In 1847, Sir John Franklin and a crew of 128 men disappeared without a trace while searching for the Northwest Passage, a sea route connecting the Atlantic and Pacific oceans.
175 years later, a team of National Geographic explorers traveled to the Arctic to find evidence of their fate.
Explorer Mark Synnott and Nat Geo photographer and filmmaker Renan Ozturk navigated their way through a maze of potentially deadly sea ice in the Northwest Passage looking for answers.
"Our goal was to kind of recreate what Franklin went through," said Ozturk to Eyewitness News. "They found the ships recently, but they never found the captain of his capers.

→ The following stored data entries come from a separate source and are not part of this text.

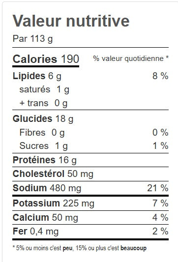 Merlu du Cap, Farine (riz, maïs), Eau, Amidon de maïs modifié, Huile de canola, Fromage (cheddar, parmesan), Amidon (maïs, riz), Sel, Assaisonnements (ail, oignon, fines herbes, extrait de levure, épices, phosphate disodique), Substances laitières modifiées, Sucres (sucre, dextrose), Protéines de pois, Essence, Farine de guar, Bicarbonate de soude, Levure.
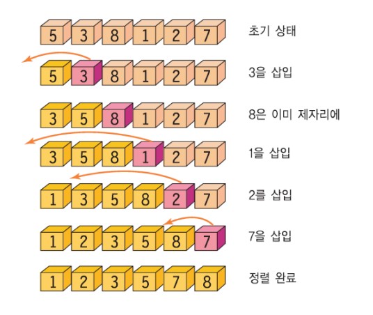 - 모든 단계에서 앞에 있는 자료를 전부다 오른쪽으로 이동시켜야한다.
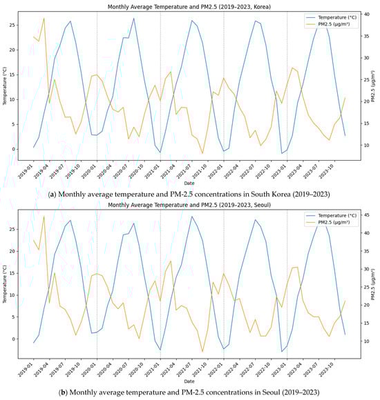 The monthly average temperature in South Korea exhibits distinct seasonal and monthly characteristics and patterns. Peak temperatures are consistently observed during the summer months (June to August), while the lowest temperatures occur in winter (December to February), reflecting a typical seasonal cycle. Similarly, the monthly average concentration of PM-2.5 demonstrates noticeable seasonal variations. PM-2.5 concentrations tend to rise during December and January, whereas relatively lower levels are observed from July to October. This seasonal trend is shown in Figure 3b, which illustrates that the Korean Peninsula possesses atmospheric characteristics marked by both seasonality and periodicity. Seoul shows similar temporal and seasonal patterns to the entire Korean Peninsula. Therefore, the missing data imputation method validated for the Seoul area is expected to be applicable to the Korean Peninsula as a whole and is likely to exhibit similar model performance in other regions with comparable monthly and seasonal patterns.

So, we thought what better way to do this and solve a mystery is to put ourselves in the same position."
The team sailed from Maine to Greenland, before encountering similar issues in the Arctic, where they entered what Ozturk describes as a "complicated" maze of ice.
"We got stuck in the ice for over ten days," the filmmaker recalls. "We almost suffered the same fate."
The adventurous effort to unlock the mystery is chronicled in this month's edition of National Geographic and an upcoming hour-long special, titled 'Explorer: Lost in the Arctic.'
"Hopefully we'll just get people more and more interested in not only the Franklin mystery, but the state of the north."
'Explorer: Lost in the Arctic' premieres August 24th on Nat Geo and August 25th on Disney+.